The result I'd like is "A0A1A2"
, not "AFFCAFFDAFFE"
. It looks like 0
in the first substitution A0
is replaced with its own substitution, which is FF
, and so on. This is what I mean by recursive replacement of conflicting substitutions.
Related info
I've read this post. I've also read this issue. I've also looked into the vectorize_all
argument of the stri_replace_all*
function.
Working (but inefficient) solution
The only way I've managed successfully to make multiple string substitutions with replacement values that would otherwise be conflicting, is to split each string character for character, then make the substitutions, and finally paste it all back together.

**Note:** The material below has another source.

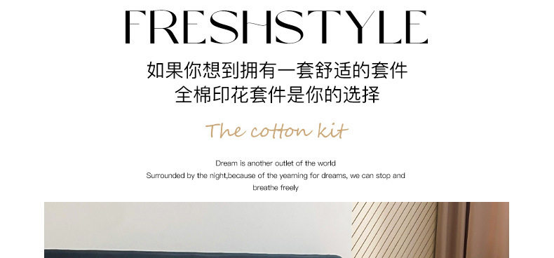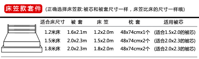 | Dimensions | Small size (quilt cover 1.6x2.1 sheets 1.8x2.3 pillowcase 1),Standard (quilt cover 2.0x2.3 sheets 2.45x2.5 pillowcases 2 pieces),Large (quilt cover 2.2x2.4 sheets 2.45x2.7 pillowcases 2 pieces),1.5 fitted sheet (quilt cover 2.0x2.3 fitted sheet 1.5x2.0 pillowcase 2 pieces),1.8 fitted sheet (quilt cover 2.0x2.3 fitted sheet 1.8x2.0 pillowcase 2 pieces) |

Like so:
library(tidyverse)
c("abc", "123") %>%
map_chr(\(string) {
str_split_1(string, "") %>%
map_chr(\(char) {
str_replace_all(char, set_names(cipher$byte, paste0("^", cipher$char, "$")))
}) %>% paste(collapse = "")
})
# [1] "A0A1A2" "F7F8F9"
Unfortunately, this way of encoding the strings takes a long time (on my 2020 Intel Macbook Pro at least) for large vectors. I prefer working within the tidyverse
, but at this stage I'd consider other methods too.